▸ The problem: From the entries below, please output exactly the lines starting at the one containing "Central Multimedia Toyota" and ending at the one containing "group Climate Power.", both included.

▸ Data shown:
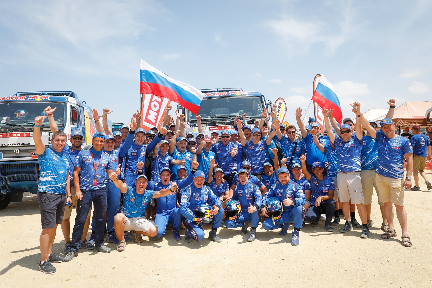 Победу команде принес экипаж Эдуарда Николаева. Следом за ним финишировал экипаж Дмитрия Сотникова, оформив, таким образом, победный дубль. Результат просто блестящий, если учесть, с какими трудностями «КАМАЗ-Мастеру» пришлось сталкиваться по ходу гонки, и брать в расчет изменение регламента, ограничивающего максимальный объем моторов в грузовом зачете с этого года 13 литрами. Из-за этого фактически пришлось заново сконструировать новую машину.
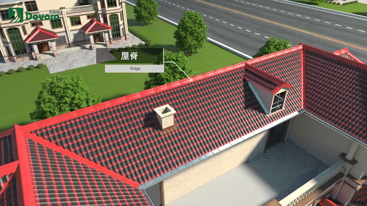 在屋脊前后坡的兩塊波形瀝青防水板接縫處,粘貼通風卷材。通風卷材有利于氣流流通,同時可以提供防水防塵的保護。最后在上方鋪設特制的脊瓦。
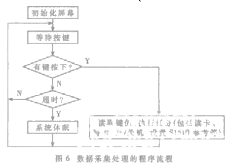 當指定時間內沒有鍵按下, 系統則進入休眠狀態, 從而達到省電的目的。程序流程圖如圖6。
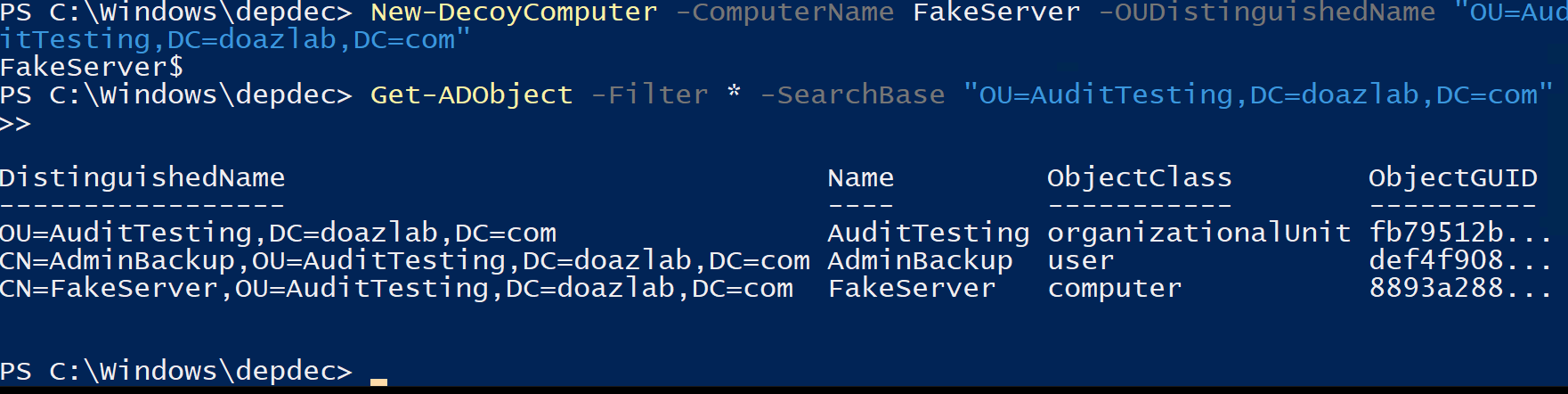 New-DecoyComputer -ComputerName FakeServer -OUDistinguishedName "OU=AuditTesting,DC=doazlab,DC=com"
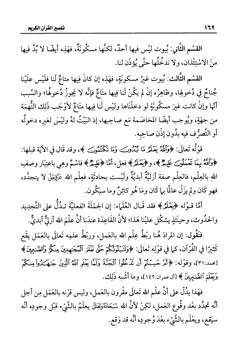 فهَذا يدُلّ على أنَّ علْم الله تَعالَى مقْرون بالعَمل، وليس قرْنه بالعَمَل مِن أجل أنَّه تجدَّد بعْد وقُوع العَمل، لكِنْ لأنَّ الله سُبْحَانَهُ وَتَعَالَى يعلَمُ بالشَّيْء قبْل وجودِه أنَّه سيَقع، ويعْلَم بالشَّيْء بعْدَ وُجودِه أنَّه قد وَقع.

--

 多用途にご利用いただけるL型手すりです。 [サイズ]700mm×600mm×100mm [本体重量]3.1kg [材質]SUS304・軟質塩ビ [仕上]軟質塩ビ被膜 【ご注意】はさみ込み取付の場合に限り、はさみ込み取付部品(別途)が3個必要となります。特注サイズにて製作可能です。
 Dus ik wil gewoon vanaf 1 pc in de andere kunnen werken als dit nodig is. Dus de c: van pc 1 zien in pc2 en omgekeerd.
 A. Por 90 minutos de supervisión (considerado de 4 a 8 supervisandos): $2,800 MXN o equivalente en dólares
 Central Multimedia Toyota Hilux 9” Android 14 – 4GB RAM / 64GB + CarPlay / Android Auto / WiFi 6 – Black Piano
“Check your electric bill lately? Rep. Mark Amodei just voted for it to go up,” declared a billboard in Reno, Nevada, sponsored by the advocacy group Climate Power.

==

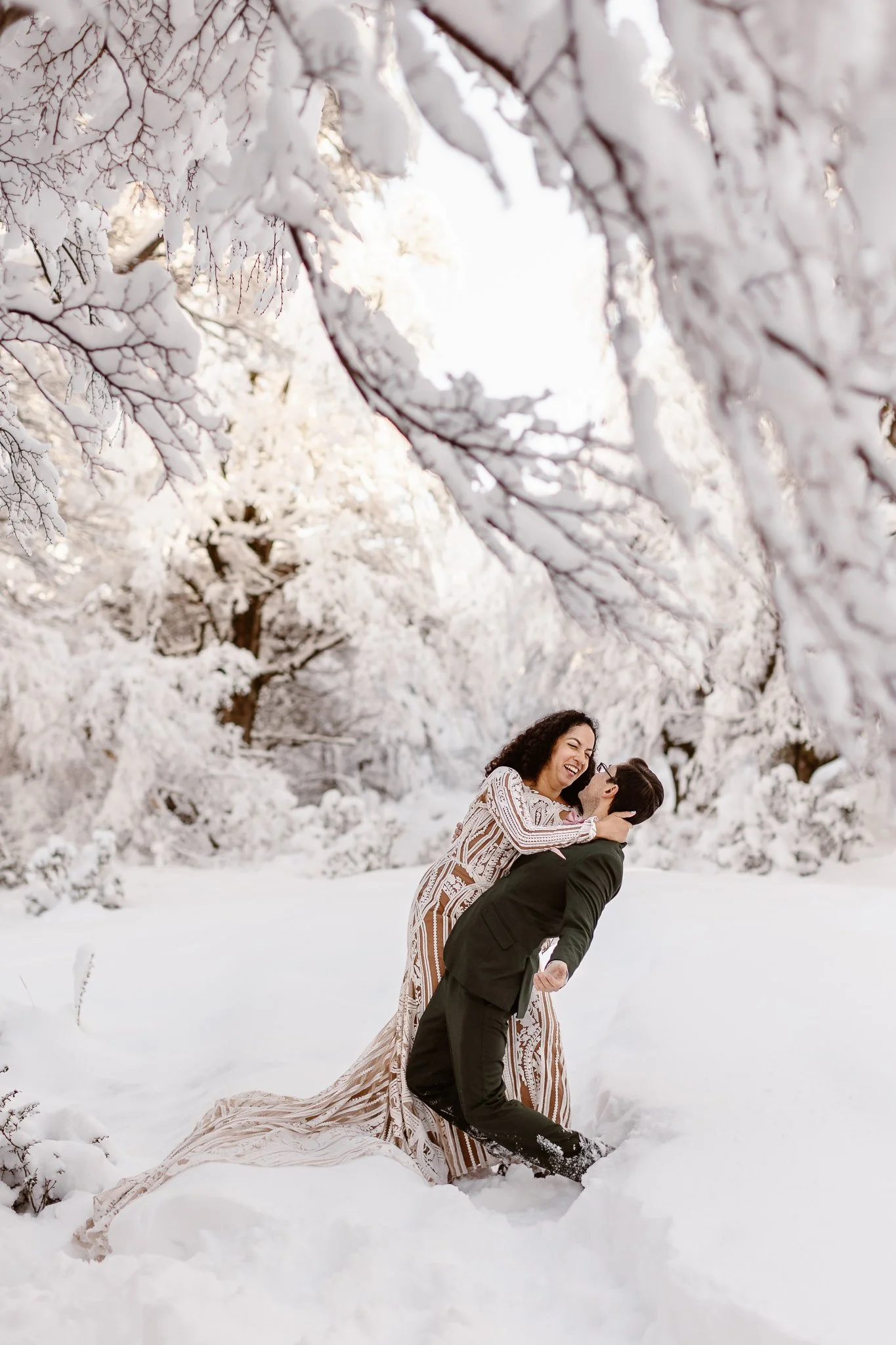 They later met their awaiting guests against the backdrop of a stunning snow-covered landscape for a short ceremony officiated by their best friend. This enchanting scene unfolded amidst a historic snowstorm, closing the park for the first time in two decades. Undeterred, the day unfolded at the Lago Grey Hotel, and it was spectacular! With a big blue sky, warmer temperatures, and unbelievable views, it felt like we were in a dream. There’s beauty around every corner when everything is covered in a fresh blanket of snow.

▸ Output of the exercise:
 Central Multimedia Toyota Hilux 9” Android 14 – 4GB RAM / 64GB + CarPlay / Android Auto / WiFi 6 – Black Piano
“Check your electric bill lately? Rep. Mark Amodei just voted for it to go up,” declared a billboard in Reno, Nevada, sponsored by the advocacy group Climate Power.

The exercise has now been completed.